つまり、日米が政治や戦略面で連携し、作戦と戦術、技術面で相互運用性を確立していなければ、ほぼリアルタイムで国民に退避を促すようなシステムは実現しえないのである。当然ながら、有事になれば、日米の相互運用性の重要性は、格段に高まることとなる。
新たな戦い方の登場
日米の連携は、今後さらに重要性が増していくだろう。それは、中国の脅威が高まっているからだけではなく、戦い方も変化しているからだ。
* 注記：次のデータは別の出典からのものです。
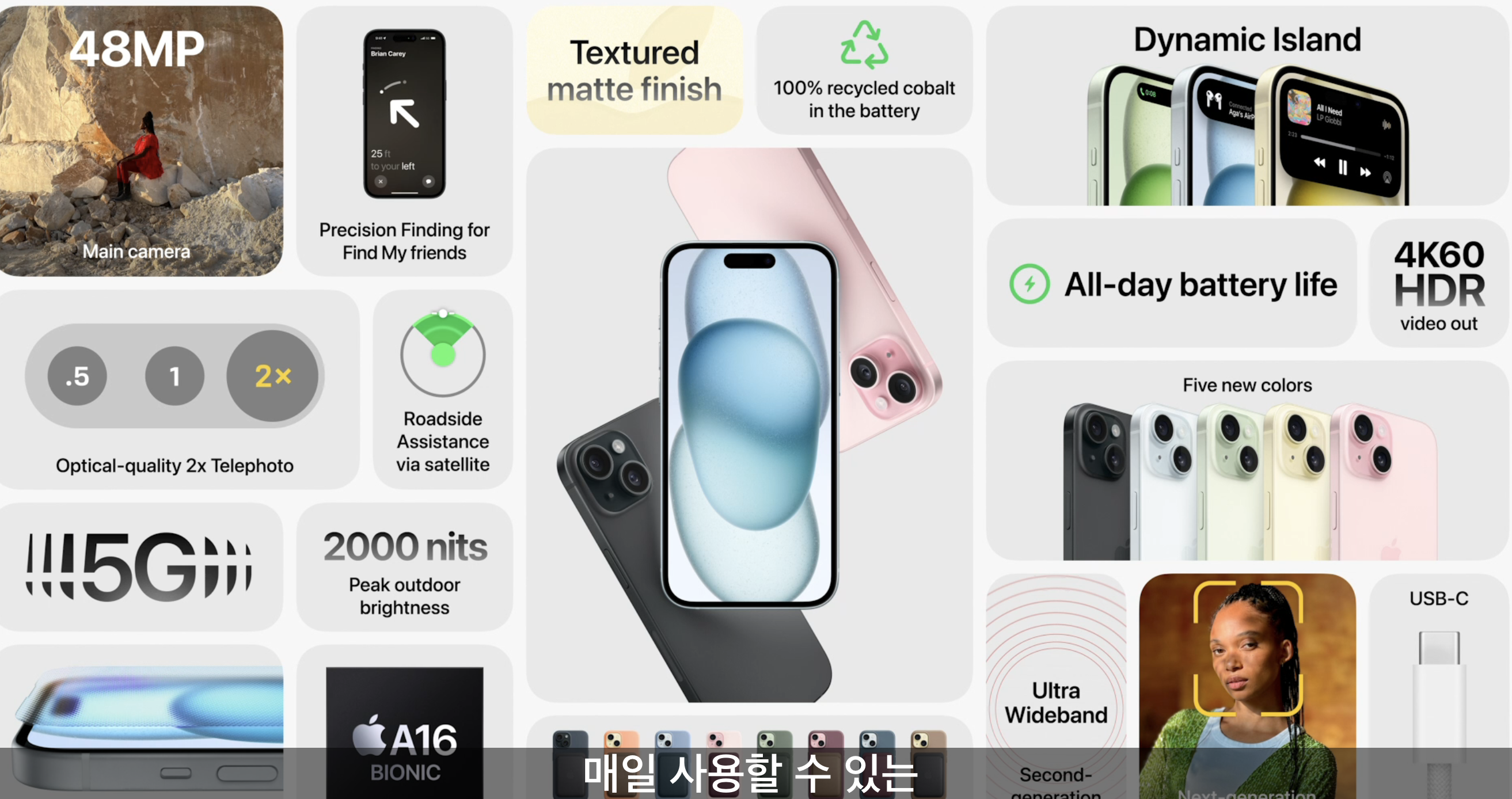 아이폰 15는 128GB 기준 799달러(약 106만원)부터, 아이폰 15 플러스는 899달러부터시작됩니다.

ウクライナ戦争でも見られるように、現代戦は、陸海空だけでなく、宇宙・サイバー・電磁波、無人機、さらには情報戦や認知戦などを組み合わせた作戦を複雑に連携させている。さまざまな兵器を組み合わせて用いることにより、相互の弱みを補完するとともに、相手の隙を利用して相乗効果を得ることを目指しているのだ。
現代戦の起源は、直接的には、アメリカ国防総省が1970年代後半に考案したIT技術を積極的に軍事目的に使用する「第2のオフセット戦略」、1990年代に広がった「軍事における革命」や「ネットワーク中心の戦い(NCW)」に求めることができる。
近年、軍民両用技術である人工衛星や大容量通信、人工知能(AI)などが拡散・実装されることによって、アメリカ軍だけでなく、さまざまな国が新しい戦い方を繰り広げられるようになった。
自衛隊は、2000年代初頭から弾道ミサイル防衛などのために、防衛分野にIT技術を多く取り入れるようになった。2012年から尖閣有事に向けた具体的な検討を開始し、2018年に閣議決定された『防衛計画の大綱』に初めて領域横断作戦を盛り込んだ。
領域横断作戦は、陸海空という従来の領域はもちろん、宇宙・サイバー・電磁波を跨いで多様な装備品を接続することが前提となっている。
具体的に言えば、人工衛星や陸海空のさまざまな警戒監視センサーから得た情報を、リアルタイム性や抗堪性(敵の攻撃を受けた場合、機能を維持する性能)のあるネットワークを介して、司令部や部隊に伝送し、AIの支援のもと、これらの情報を分析評価することで、相手方よりも迅速かつ正確な意思決定を行い、最も効果的な物理的・非物理的手段によって対処する作戦である。